There has been a considerable amount of work put into postgres over the past few years for getting it to handle your data regardless of what it looks like. The developers seem to have a very good grasp on the fact that not all data is alike, and giving tools that will work well, and together with, all your data leads to a lot fewer headaches in the long run.
Really like this article. I try not to dump on MongoDB too much because frankly I have never taken the time to understand its internals. I constrain my criticisms to particular unnecessary failures/inadequacies that I personally have experienced (or any "I'll just use mongodb so I don't have to worry about my data" sentiment).
I like this too. There's very little to criticize, since it basically tells it exactly like it is without too much embellishment, and makes intelligent, honest conclusions.
Article is spot on about mongodb being ideal for online games. We use it as the main datastore for our latest game, and it has worked out very well for us. My main gripes with it has been key values taking up too much space and how difficult it is to shard. I think Rethink DB will be even better once that matures.
I think the genius referred to is in its simplicity. This simplicity let MongoDB get a product to market very quickly, as well as the inherent goodness of making simple things.
I think in MongoDB's case, the getting-to-market part pushed a little too hard on the make-it-simply part. Simple is good but a thing should be as simple as possible, no less.
Its apparent simplicity to _developers_ was certainly a good marketing tool, but it did come with tradeoffs; some of its limitations imply a considerable amount of developer and operational complexity if you actually want to use it.

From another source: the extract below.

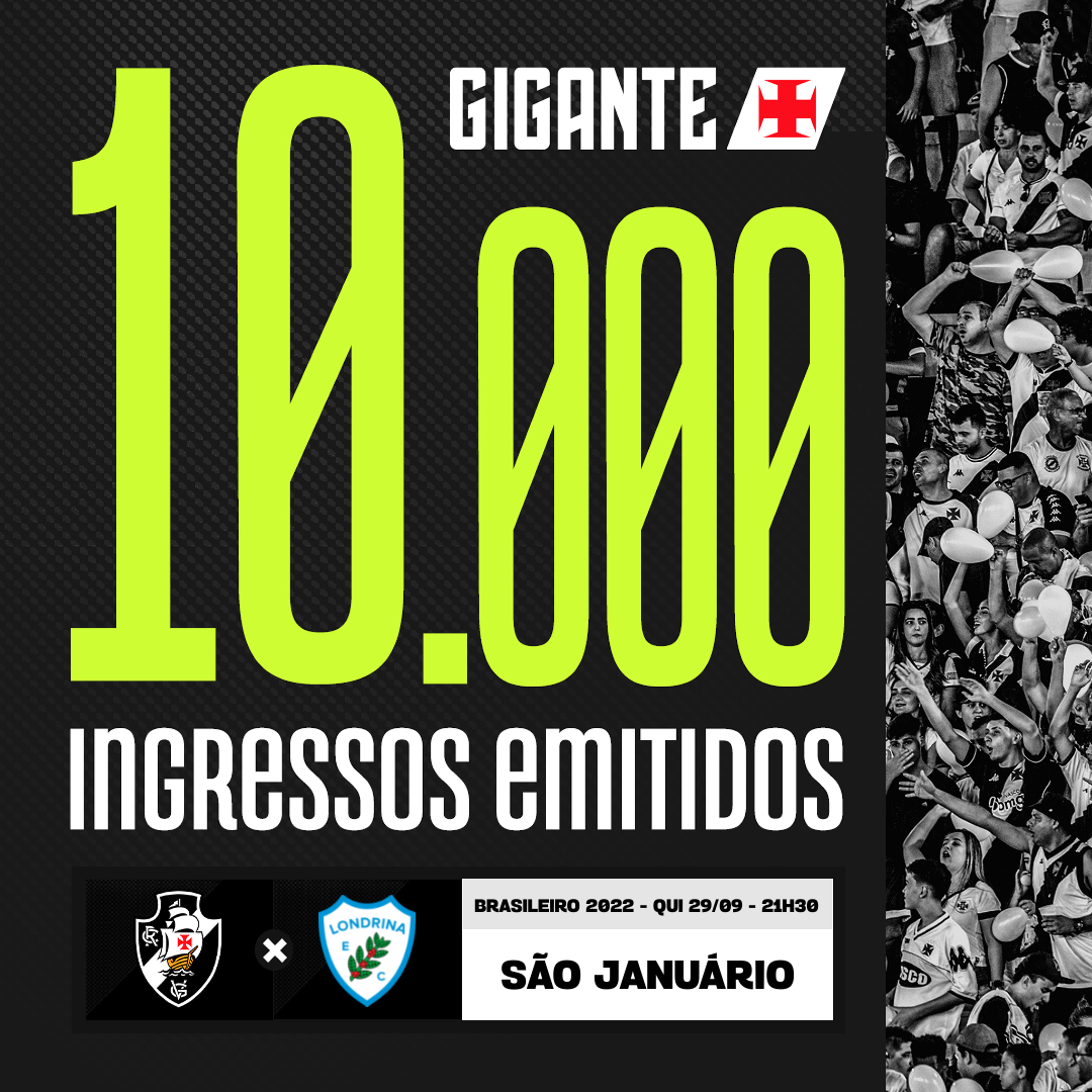 Já foram emitidos mais de 10 mil ingressos para o confronto contra o Londrina, no próximo dia 29, em São Januário.

>But in that case, it also wouldn’t be crazy to pull a Viaweb and store it on the file system
I've done this before when I was doing work for a client using an existing simple web host with no built-in options for databases. It works well, and the nice part is that there's a simple, obvious way to do any query. The bad part is that anything other than a primary key lookup is slow unless you add a lot of complexity.
I've used MongoDB for various projects and found it nice to use. Lately though, I've found MySQL to be pretty enjoyable too, so honestly, what's all the fuss? It's a database.
Nobody writes about the filesystem like they do the database, and yet they do the same job - store and retrieve data.
The fuss is that a "proper" database does so much more than store and retrieve data.
If you've only ever used Mongo, a filesystem, and/or mysql, then you've never really used a database. Postgres (and mssql, oracle, etc) are so much richer; they are so much more than storage systems. I'm not saying you no one should ever use Mongo or MySql, I'm just saying that they are generally far inferior choices for problems bigger than mere storage.
It's high time we started thinking about storage systems and the higher-level functionality of databases separately. We can make different, more informed, and generally better tradeoffs than we're currently making by viewing this broad category of software through such a foggy lens. For instance: Take a look at how Datomic utilize pluggable storage to provide a sensible information model, with raw index access and powerful, pluggable querying.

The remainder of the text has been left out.